■ **Input for this task**
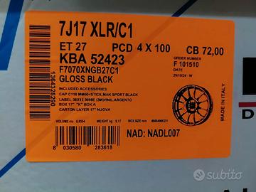 PROPONGO IN VENDITA4 Cerchi in lega NUOVIORIGINALI MAK XLRDescrizione OMOLOGATI NADCERCHIO XLR Gloss BlackDiametro: 17Canale: 7JET: 27Fori: 4X100Foro Centrale: 72Compatibili con- Abarth 124 Spider , Abarth GRANDE PUNTO , Abarth Punto EVO , Abarth 500e ABARTH , Abarth 500 ABARTH- Honda INSIGHT , JAZZ , JAZZ CROSSTAR , JAZZ HYBRID- Hyundai i10 , i20 , i20 Active , BAYON , GETZ- Kia PICANTO , RIO , STONIC- MAZDA MX-5 , Mazda 2- MINI CABRIO , CLUBMAN , COOPER S , COOPER , COUPE , ROADSTER , ONE- NISSAN MICRA , NOTE- OPEL ADAM , AGILA , CORSA , CORSA-E 4H , KARL , MERIVA- Renault Clio III - Clio IV - GRAND MODUS - MEGANE I - MEGANE II - WIND COUPE - MODUS - ZOE- SUZUKI BALENO , SPLASH , SWIFT 4H , SWIFT 4WD 4X4 4H , SWIFT 4X4 4H- Toyota COROLLA , IQ , YARIS HYBRID , YARIS- DACIA JOGGER - LOGAN MCV - LOGAN MCV STEPWAY - LOGAN - SANDERO STEPWAY - SANDERO- SMART FORFOUR II - FORFOUR II BRABUS - FORTWO III - FORTWO III BRABUS STAGGERED/DIFFERENZ - FORTWO III CABRIO - FORTWO III CABRIO BRABUS STAGGI cerchi sono Nuovi. Pronti da montare.Prezzo:630 Ritiro di Persona (prezzo QUINDI NON TRATTABILE)spedizione a carico dell'acquirentePremiumWheelsHDCell. 3444085505rispondo solo telefonicamente o anche tramite Whatsapp,NO MAIL
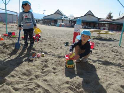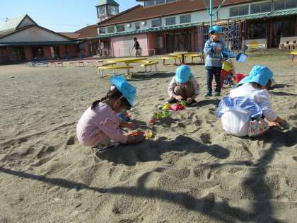 今日も砂遊びをしました。気持ちのいい風が吹く中、アイスクリーム屋さんになる子や、ポップコーンをつくる子がいて、いろいろな食べ物をつくっていました。ほし組さんも食欲の秋ですね。今日の食べ物にも当たりがあり、みんなで楽しそうに遊んでいましたよ。
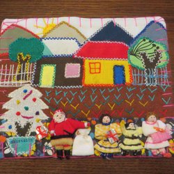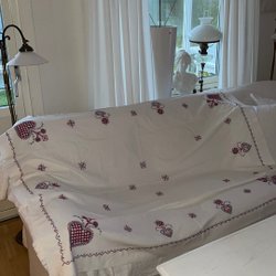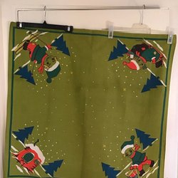 merveilleuse vieille nappe de Noël vintage chemin de table coton imprimé années 50 julvisor & ramsor
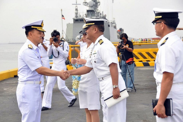 菲律宾海军官员在港口迎接来访的泰国皇家海军
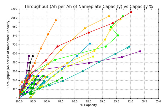 DNV GL還希望引入一個(gè)新術(shù)語(yǔ),以便在考慮電池工作壽命時(shí)考慮與“循環(huán)”相對(duì)應(yīng)的情況,即“吞吐量”(有時(shí)是“周轉(zhuǎn)率”),它實(shí)際上是考察流經(jīng)電池的總電量。例如,研究隨著容量退化,電池每個(gè)充放電周期輸送的總能量將如何變化。如下圖所示。
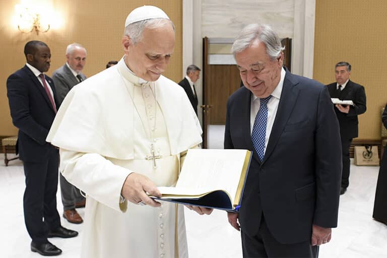 UN secretary-general meets Pope Leo, top Vatican officials June 11, 2025By Carol Glatz Catholic News Service Filed Under: News, Vatican, World News VATICAN CITY (CNS) — Pope Leo XIV met with U.N. Secretary-General António Guterres during a private audience at the Vatican June 11. The meeting with the U.N. chief took place in the pope’s study in the Paul VI Audience Hall before the pope’s morning general audience in St. Peter’s Square, the Vatican press office said in a communique. In brief video clips provided by Vatican Media, Guterres greeted the pope in English, saying “Holy Father, congratulations.” After Pope Leo said, “Thank you very much. Thank you,” Guterres said, “My best, best wishes for your pontificate.” Guterres later met with Cardinal Pietro Parolin, Vatican secretary of state, and Archbishop Paul R. Gallagher, Vatican foreign minister, the Vatican said. “During the cordial talks with the Secretariat of State, the Holy See expressed support for the United Nations’ commitment to world peace,” it said. They also discussed “various ongoing processes and forthcoming summits organized by the United Nations” as well as “the difficulties the organization faces in addressing various crises currently unfolding around the world,” it said. “The conversation also touched on specific situations of conflict and instability,” it added. The 80th session of the U.N. General Assembly was scheduled for Sept. 9-23 in New York. Guterres last met with Pope Francis at the Vatican in December 2019 for a 40-minute closed-door meeting and to record an eight-minute joint video message released a few hours later calling for peace and ending injustices worldwide. Read More Vatican News Vatican yearbook goes online A steady light: Pope Leo XIV’s top five moments of 2025 Dialogue, diplomacy can lead to just, lasting peace in Ukraine, pope says Pope prays Mary will fill believers with hope, inspire them to serve Advent call is to cooperate in building a kingdom of peace, pope says Come all ye faithful: Christmas carols sing of God’s love, pope says Copyright © 2025 Catholic News Service/U.S. Conference of Catholic Bishops Print

■ **What is expected**
Output the records above character for character, but leave each image out.

■ **Reply**
 PROPONGO IN VENDITA4 Cerchi in lega NUOVIORIGINALI MAK XLRDescrizione OMOLOGATI NADCERCHIO XLR Gloss BlackDiametro: 17Canale: 7JET: 27Fori: 4X100Foro Centrale: 72Compatibili con- Abarth 124 Spider , Abarth GRANDE PUNTO , Abarth Punto EVO , Abarth 500e ABARTH , Abarth 500 ABARTH- Honda INSIGHT , JAZZ , JAZZ CROSSTAR , JAZZ HYBRID- Hyundai i10 , i20 , i20 Active , BAYON , GETZ- Kia PICANTO , RIO , STONIC- MAZDA MX-5 , Mazda 2- MINI CABRIO , CLUBMAN , COOPER S , COOPER , COUPE , ROADSTER , ONE- NISSAN MICRA , NOTE- OPEL ADAM , AGILA , CORSA , CORSA-E 4H , KARL , MERIVA- Renault Clio III - Clio IV - GRAND MODUS - MEGANE I - MEGANE II - WIND COUPE - MODUS - ZOE- SUZUKI BALENO , SPLASH , SWIFT 4H , SWIFT 4WD 4X4 4H , SWIFT 4X4 4H- Toyota COROLLA , IQ , YARIS HYBRID , YARIS- DACIA JOGGER - LOGAN MCV - LOGAN MCV STEPWAY - LOGAN - SANDERO STEPWAY - SANDERO- SMART FORFOUR II - FORFOUR II BRABUS - FORTWO III - FORTWO III BRABUS STAGGERED/DIFFERENZ - FORTWO III CABRIO - FORTWO III CABRIO BRABUS STAGGI cerchi sono Nuovi. Pronti da montare.Prezzo:630 Ritiro di Persona (prezzo QUINDI NON TRATTABILE)spedizione a carico dell'acquirentePremiumWheelsHDCell. 3444085505rispondo solo telefonicamente o anche tramite Whatsapp,NO MAIL
 今日も砂遊びをしました。気持ちのいい風が吹く中、アイスクリーム屋さんになる子や、ポップコーンをつくる子がいて、いろいろな食べ物をつくっていました。ほし組さんも食欲の秋ですね。今日の食べ物にも当たりがあり、みんなで楽しそうに遊んでいましたよ。
 merveilleuse vieille nappe de Noël vintage chemin de table coton imprimé années 50 julvisor & ramsor
 菲律宾海军官员在港口迎接来访的泰国皇家海军
 DNV GL還希望引入一個(gè)新術(shù)語(yǔ),以便在考慮電池工作壽命時(shí)考慮與“循環(huán)”相對(duì)應(yīng)的情況,即“吞吐量”(有時(shí)是“周轉(zhuǎn)率”),它實(shí)際上是考察流經(jīng)電池的總電量。例如,研究隨著容量退化,電池每個(gè)充放電周期輸送的總能量將如何變化。如下圖所示。
 UN secretary-general meets Pope Leo, top Vatican officials June 11, 2025By Carol Glatz Catholic News Service Filed Under: News, Vatican, World News VATICAN CITY (CNS) — Pope Leo XIV met with U.N. Secretary-General António Guterres during a private audience at the Vatican June 11. The meeting with the U.N. chief took place in the pope’s study in the Paul VI Audience Hall before the pope’s morning general audience in St. Peter’s Square, the Vatican press office said in a communique. In brief video clips provided by Vatican Media, Guterres greeted the pope in English, saying “Holy Father, congratulations.” After Pope Leo said, “Thank you very much. Thank you,” Guterres said, “My best, best wishes for your pontificate.” Guterres later met with Cardinal Pietro Parolin, Vatican secretary of state, and Archbishop Paul R. Gallagher, Vatican foreign minister, the Vatican said. “During the cordial talks with the Secretariat of State, the Holy See expressed support for the United Nations’ commitment to world peace,” it said. They also discussed “various ongoing processes and forthcoming summits organized by the United Nations” as well as “the difficulties the organization faces in addressing various crises currently unfolding around the world,” it said. “The conversation also touched on specific situations of conflict and instability,” it added. The 80th session of the U.N. General Assembly was scheduled for Sept. 9-23 in New York. Guterres last met with Pope Francis at the Vatican in December 2019 for a 40-minute closed-door meeting and to record an eight-minute joint video message released a few hours later calling for peace and ending injustices worldwide. Read More Vatican News Vatican yearbook goes online A steady light: Pope Leo XIV’s top five moments of 2025 Dialogue, diplomacy can lead to just, lasting peace in Ukraine, pope says Pope prays Mary will fill believers with hope, inspire them to serve Advent call is to cooperate in building a kingdom of peace, pope says Come all ye faithful: Christmas carols sing of God’s love, pope says Copyright © 2025 Catholic News Service/U.S. Conference of Catholic Bishops Print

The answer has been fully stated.